Dataset records:
★ ★ ★

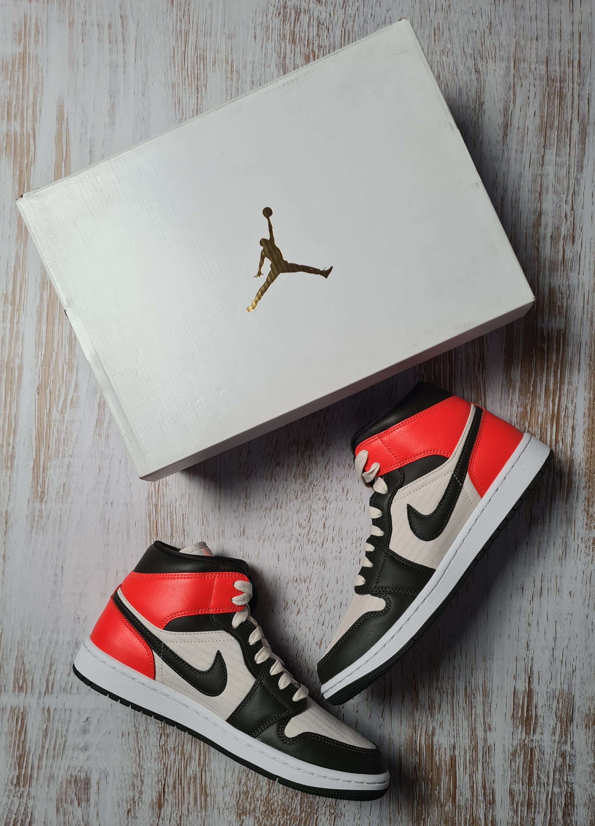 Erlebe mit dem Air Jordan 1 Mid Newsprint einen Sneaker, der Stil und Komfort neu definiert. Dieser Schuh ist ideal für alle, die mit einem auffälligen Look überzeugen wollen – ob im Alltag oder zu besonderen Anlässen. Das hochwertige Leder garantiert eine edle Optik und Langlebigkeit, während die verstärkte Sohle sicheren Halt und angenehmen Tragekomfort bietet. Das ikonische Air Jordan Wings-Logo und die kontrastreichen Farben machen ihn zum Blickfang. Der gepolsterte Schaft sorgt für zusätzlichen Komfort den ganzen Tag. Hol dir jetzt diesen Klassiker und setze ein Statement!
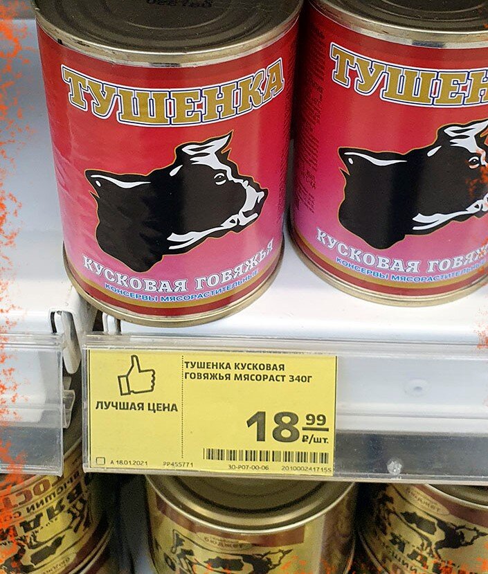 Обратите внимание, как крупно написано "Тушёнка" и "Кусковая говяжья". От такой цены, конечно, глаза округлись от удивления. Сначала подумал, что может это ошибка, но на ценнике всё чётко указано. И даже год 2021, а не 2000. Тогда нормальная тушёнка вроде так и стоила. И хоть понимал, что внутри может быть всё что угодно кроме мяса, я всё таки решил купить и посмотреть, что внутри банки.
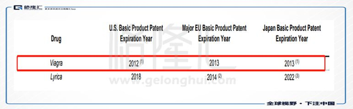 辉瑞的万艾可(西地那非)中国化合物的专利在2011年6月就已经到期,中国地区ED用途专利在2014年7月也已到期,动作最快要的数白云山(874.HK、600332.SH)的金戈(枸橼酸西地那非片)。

★ ★ ★

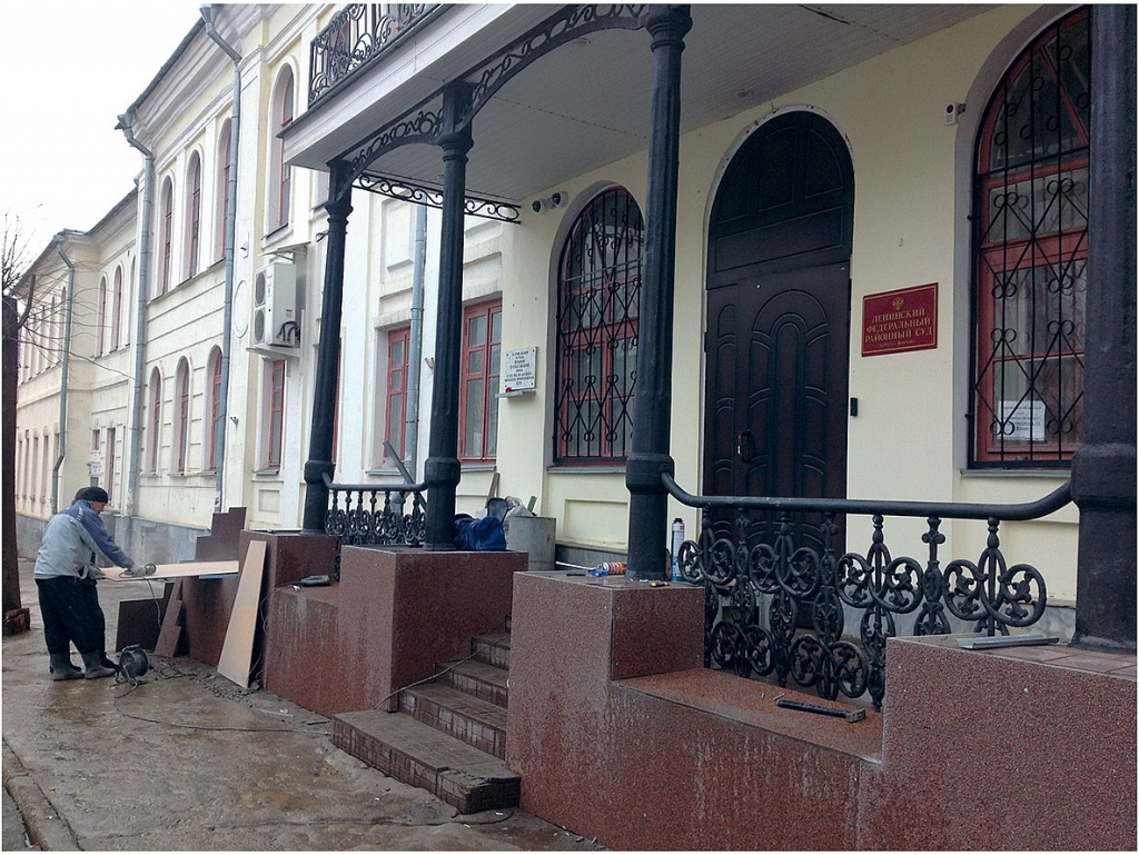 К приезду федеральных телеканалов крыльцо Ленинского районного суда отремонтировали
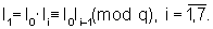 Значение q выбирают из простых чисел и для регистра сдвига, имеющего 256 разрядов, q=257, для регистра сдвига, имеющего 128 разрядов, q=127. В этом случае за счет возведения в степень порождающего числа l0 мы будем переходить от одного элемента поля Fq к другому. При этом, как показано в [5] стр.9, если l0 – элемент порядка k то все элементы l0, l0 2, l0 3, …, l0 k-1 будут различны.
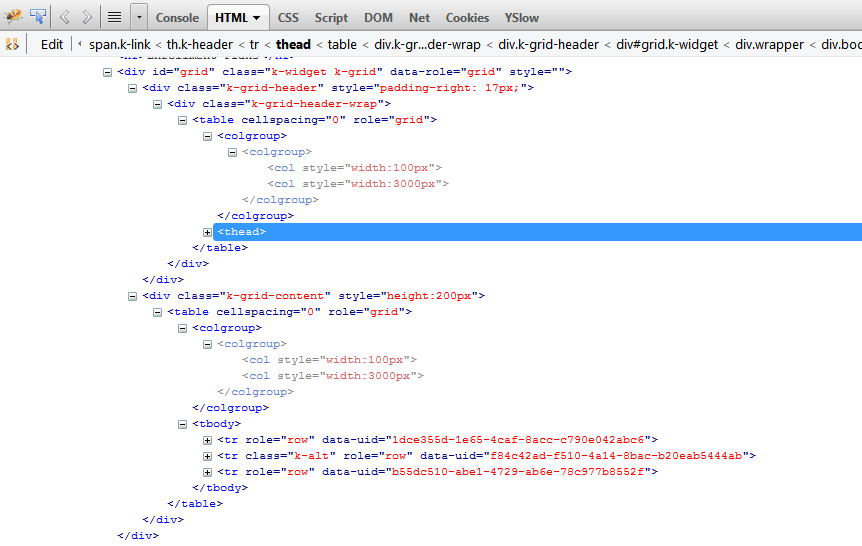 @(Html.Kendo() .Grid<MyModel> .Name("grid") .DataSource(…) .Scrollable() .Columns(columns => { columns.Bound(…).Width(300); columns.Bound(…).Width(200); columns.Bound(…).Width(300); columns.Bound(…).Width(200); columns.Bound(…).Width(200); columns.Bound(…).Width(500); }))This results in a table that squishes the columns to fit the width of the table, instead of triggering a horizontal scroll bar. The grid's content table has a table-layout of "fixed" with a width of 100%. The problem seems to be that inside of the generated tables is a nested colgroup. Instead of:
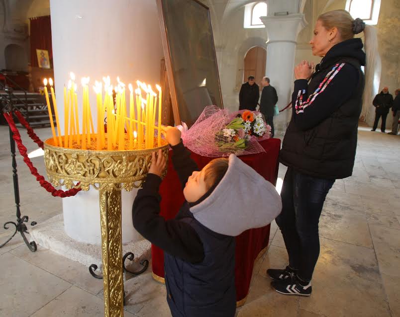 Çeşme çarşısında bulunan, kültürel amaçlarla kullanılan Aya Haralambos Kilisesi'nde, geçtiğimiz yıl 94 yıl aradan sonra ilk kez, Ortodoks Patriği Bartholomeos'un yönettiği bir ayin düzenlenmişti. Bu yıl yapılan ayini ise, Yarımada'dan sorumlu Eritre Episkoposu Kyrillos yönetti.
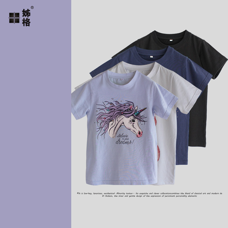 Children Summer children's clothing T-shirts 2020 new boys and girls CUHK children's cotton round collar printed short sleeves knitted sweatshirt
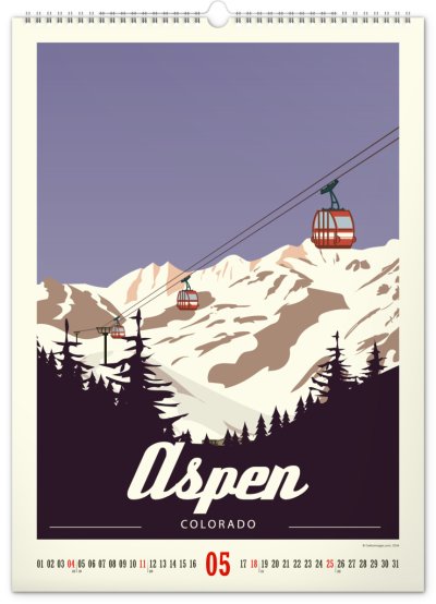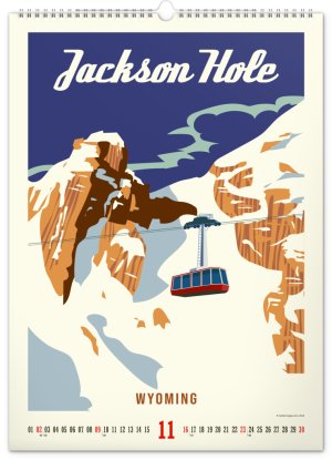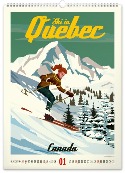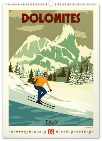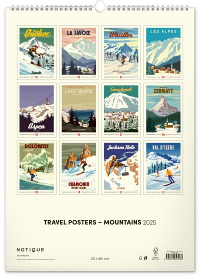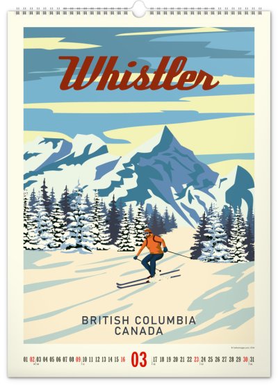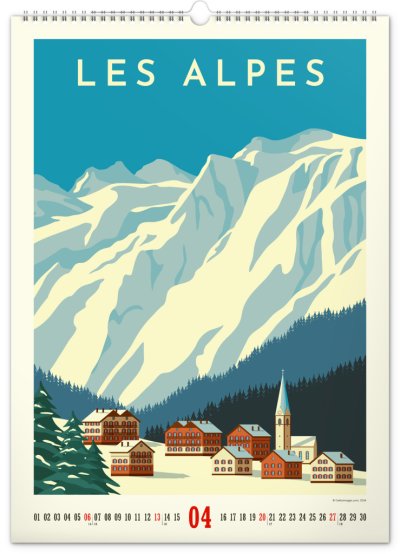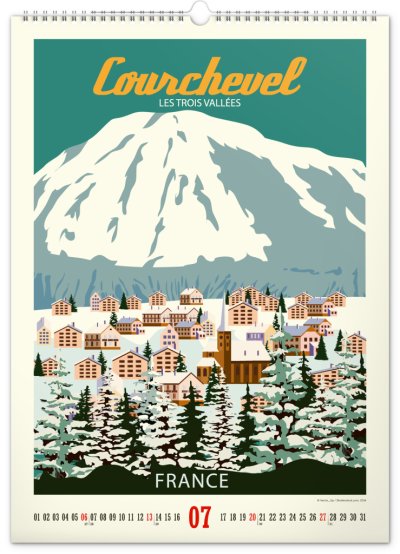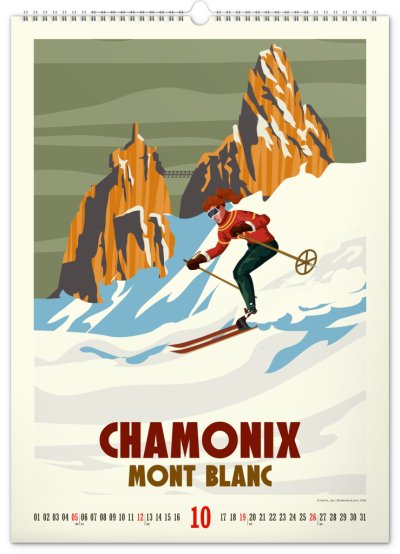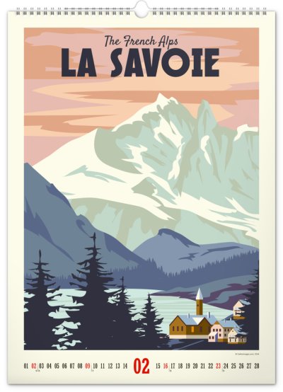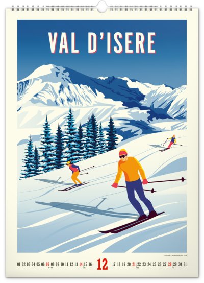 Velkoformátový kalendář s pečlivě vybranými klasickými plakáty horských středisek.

★ ★ ★

Task requirements:
Please copy the lines above exactly, starting at the line that holds "К приезду федеральных" and ending at the line that holds "Velkoformátový kalendář s"; include both, but no pictures.

Solution to this exercise:
 К приезду федеральных телеканалов крыльцо Ленинского районного суда отремонтировали
 Значение q выбирают из простых чисел и для регистра сдвига, имеющего 256 разрядов, q=257, для регистра сдвига, имеющего 128 разрядов, q=127. В этом случае за счет возведения в степень порождающего числа l0 мы будем переходить от одного элемента поля Fq к другому. При этом, как показано в [5] стр.9, если l0 – элемент порядка k то все элементы l0, l0 2, l0 3, …, l0 k-1 будут различны.
 @(Html.Kendo() .Grid<MyModel> .Name("grid") .DataSource(…) .Scrollable() .Columns(columns => { columns.Bound(…).Width(300); columns.Bound(…).Width(200); columns.Bound(…).Width(300); columns.Bound(…).Width(200); columns.Bound(…).Width(200); columns.Bound(…).Width(500); }))This results in a table that squishes the columns to fit the width of the table, instead of triggering a horizontal scroll bar. The grid's content table has a table-layout of "fixed" with a width of 100%. The problem seems to be that inside of the generated tables is a nested colgroup. Instead of:
 Çeşme çarşısında bulunan, kültürel amaçlarla kullanılan Aya Haralambos Kilisesi'nde, geçtiğimiz yıl 94 yıl aradan sonra ilk kez, Ortodoks Patriği Bartholomeos'un yönettiği bir ayin düzenlenmişti. Bu yıl yapılan ayini ise, Yarımada'dan sorumlu Eritre Episkoposu Kyrillos yönetti.
 Children Summer children's clothing T-shirts 2020 new boys and girls CUHK children's cotton round collar printed short sleeves knitted sweatshirt
 Velkoformátový kalendář s pečlivě vybranými klasickými plakáty horských středisek.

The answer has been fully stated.